Many of the big state employee pension funds are not our friends. They are run by entrenched liberals, who hate GW and love left wing investments. Friends of Bill and Gray Davis have gotten a lot of money thrown at their financial schemes since 1993 by Calpers. Does the name Ron Burkle ring any bells?
It's already happened with natural gas, which suffered a price meltdown, tumbling from a post-hurricane high of $15.38 per 1,000 cubic feet to Monday's $4.94 price.And will the drop be reflected on my PSEG bill? Just curious.

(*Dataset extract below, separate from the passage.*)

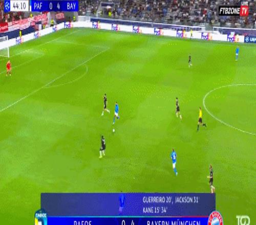 拜仁實力優勢明顯,從開局就壓著對手猛攻。第7分鍾,迪亞斯左路突破,內切之後起腳勁射,帕福斯門將飛身將球撲出。緊接著的角球攻勢,奧利塞送出傳中,凱恩高難度倒鉤攻門,可惜擊中橫梁彈出。

As to the bigger question, how this will effect politics: supposedly presidential popularity is inversely pegged to the price of gas.
How stupid is that?
What kind of a moron --- left, right or center --- would like Bush because the price of gas is low and dislike him because the price of gas is high?
What kind of empty-headed moron bases his/her approval of the president on the current level of a commodity price? Evidently there are millions.
$1.99 in St. Louis, Missouri, at Sams Club, 2855 Veterans Memorial Parkway(member price)
How big?
http://www.gasbuddy.com/gb_gastemperaturemap.aspx
Still paying high 2.80's here...
Shocking. The MARKET is impacting prices.
$2.29 at Costco in Leesburg, VA
a hedge fund collapsed this week after Natural Gas positions went south. Probably the same will happen if crude oil prices keep falling.
The Muslims are pissed over this and demand an apology from the Pope.
You can be certain there will be conspiracy theorists saying so.